◆ **PROBLEM REQUIREMENTS**:
Extract the lines beginning at the one that holds "a black background" and ending at the final line of the material below, keeping them exact and leaving out all pictures.

◆ **MATERIAL FOR THIS EXERCISE**:
++++++++

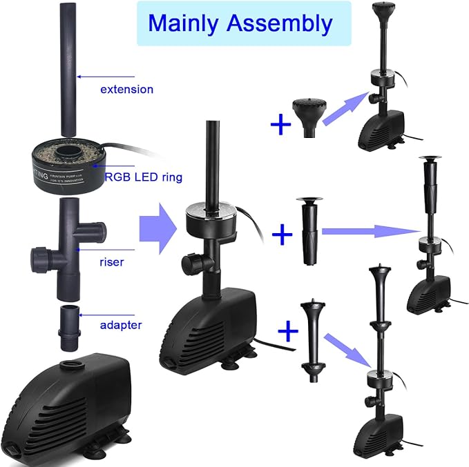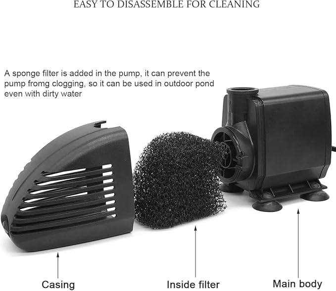 - 4 water patterns: Blossom, Frothy,Mushroom and Two-Tier Style. Inside filter design, prevents clogging in outdoor pond.
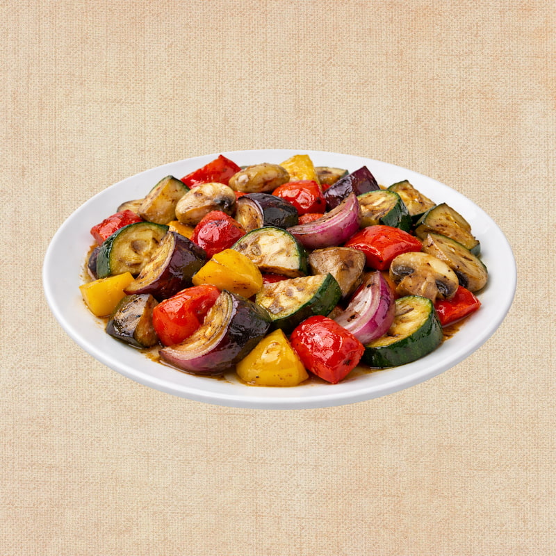 Patata (20%), calabaza (20%), calabacín (15%), berenjena (15%), pimiento rojo (10%), pimiento verde (10%), cebolla morada (10%), aceite de oliva virgen extra, sal, pimienta, tomillo.
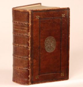 Apophthegmatum ex optimis utriusque linguæ scriptoribus. Lyon, Antoine de Harsy, 1574. In-8, veau fauve, décor à la Du Seuil, médaillon d'arabesques doré au centre, dos orné de filets à froid, tranches dorées (Reliure du XIXe siècle). Nouvelle édition lyonnaise de cet ouvrage du philologue allemand Conrad Lycosthenes, dans lequel il a rassemblé par ordre alphabétique thématique un grand nombre d'extraits d'auteurs grecs et latins. D'après Graesse, la première édition serait de Bâle, 1555.
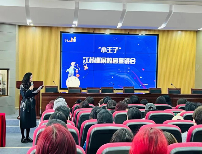 2024年是中法建交60周年,近日“童言世界 守护星球”小王子江苏巡展正在南京国际博览中心热展。3月26日下午,“小王子”巡展活动组织方负责人CCIP文创研究中心执行长殷伊玲、江苏弈橙文化发展有限公司总经理王一等走进永利官网艺术设计学院,为师生呈现精彩的主题宣讲会。会议由艺术设计学院视觉传达系王秀丹主持。
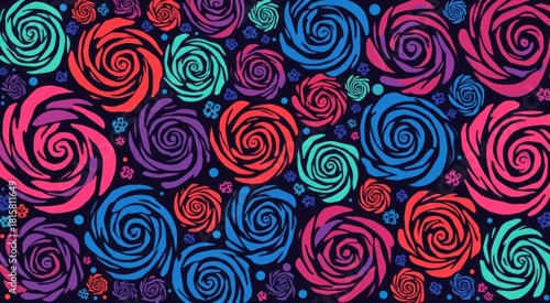 © kramynina, Fototapeta premium Colorful pattern of spirals on a black background
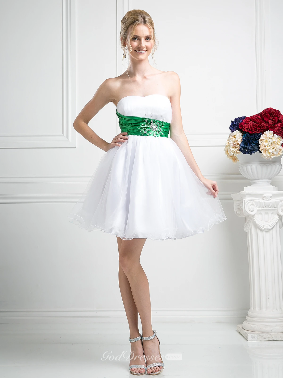 Muti-Color A-Line Short Strapless Sleeveless Backless Dress With Waist Jewellery
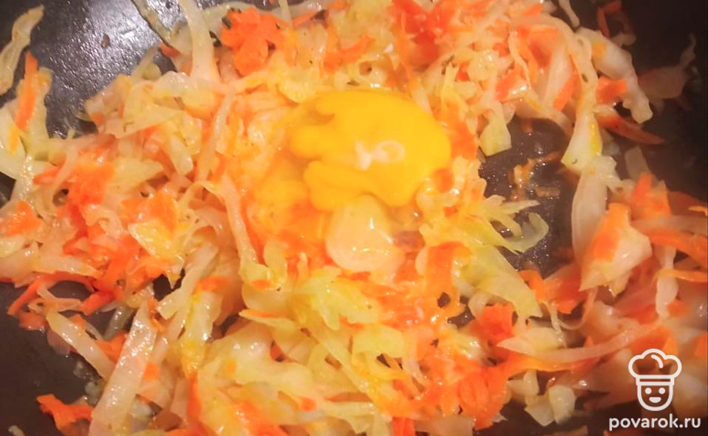 Накройте крышкой и тушите 15 минут. Добавьте яйцо. Перемешайте, посолите по вкусу.
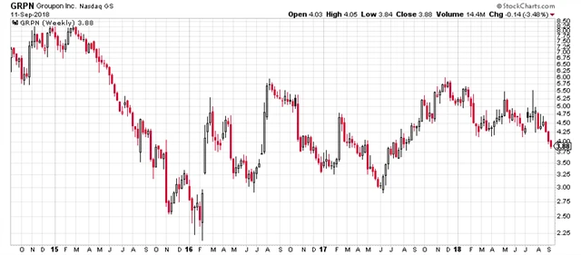 Groupon se loni dostal do mírného zisku, protože se mu navzdory poklesu tržeb daří zvyšovat marže. Analytici letos očekávají růst zisku na více než dvojnásobek a v roce 2019 o dalších 12,5 %, což znamená zajímavé forwardové P/E okolo 15. V příštím roce by mohlo dojít také k opětovnému růstu tržeb o 6,7 %. Pokud se firma vyvaruje zadlužování, bude se jí dařit zvyšovat tržby a udrží si vysoké marže, má šanci být opět zajímavým titulem.
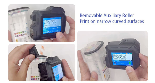 - Removable Guide Wheel for Complex Surfaces. The detachable guide wheel enables precise printing on narrow gaps, curved bottles, uneven metal/plastic surfaces, and steel pipes. Achieve 600 DPI high-resolution text, barcodes, QR codes, dates, and logos on wood, glass, leather, and ceramics.
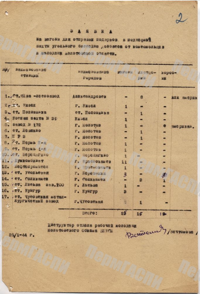 Заявка на вагоны для отправки подарков от комсомольцев Молотовской области работникам угольных шахт Донбасса. 25 января 1944 г. ПермГАСПИ. Ф.1458. Оп.1. Д.392. Л.2
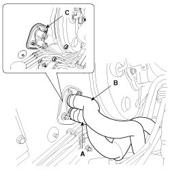 5. Disconnect the inlet (A) and outlet (B) heater hoses from the heater unit and then remove the cover (C).
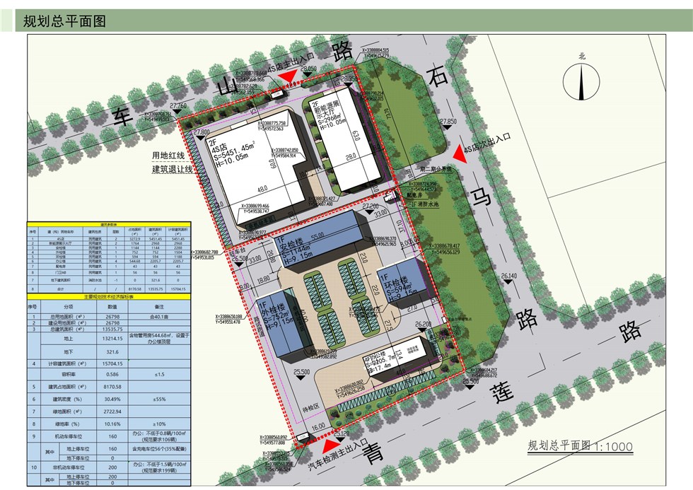 该项目位于池州市平天湖风景区车山路以南、青莲路以北石马路以西地块,地块用地面积约26798平方米(约40.1亩),该方案主要建筑6栋,分别为4S店、新能源展示大厅、安检楼、外检楼、环检楼、办公楼各一栋,总建筑面积13535.75平方米,计容面积约15704.15平方米,容积率约0.586,建筑密度约30.49%,绿地率约10.16%,机动车位160辆,非机动车位200辆。

++++++++

◆ **ANSWER FOR THE TASK**:
 © kramynina, Fototapeta premium Colorful pattern of spirals on a black background
 Muti-Color A-Line Short Strapless Sleeveless Backless Dress With Waist Jewellery
 Накройте крышкой и тушите 15 минут. Добавьте яйцо. Перемешайте, посолите по вкусу.
 Groupon se loni dostal do mírného zisku, protože se mu navzdory poklesu tržeb daří zvyšovat marže. Analytici letos očekávají růst zisku na více než dvojnásobek a v roce 2019 o dalších 12,5 %, což znamená zajímavé forwardové P/E okolo 15. V příštím roce by mohlo dojít také k opětovnému růstu tržeb o 6,7 %. Pokud se firma vyvaruje zadlužování, bude se jí dařit zvyšovat tržby a udrží si vysoké marže, má šanci být opět zajímavým titulem.
 - Removable Guide Wheel for Complex Surfaces. The detachable guide wheel enables precise printing on narrow gaps, curved bottles, uneven metal/plastic surfaces, and steel pipes. Achieve 600 DPI high-resolution text, barcodes, QR codes, dates, and logos on wood, glass, leather, and ceramics.
 Заявка на вагоны для отправки подарков от комсомольцев Молотовской области работникам угольных шахт Донбасса. 25 января 1944 г. ПермГАСПИ. Ф.1458. Оп.1. Д.392. Л.2
 5. Disconnect the inlet (A) and outlet (B) heater hoses from the heater unit and then remove the cover (C).
 该项目位于池州市平天湖风景区车山路以南、青莲路以北石马路以西地块,地块用地面积约26798平方米(约40.1亩),该方案主要建筑6栋,分别为4S店、新能源展示大厅、安检楼、外检楼、环检楼、办公楼各一栋,总建筑面积13535.75平方米,计容面积约15704.15平方米,容积率约0.586,建筑密度约30.49%,绿地率约10.16%,机动车位160辆,非机动车位200辆。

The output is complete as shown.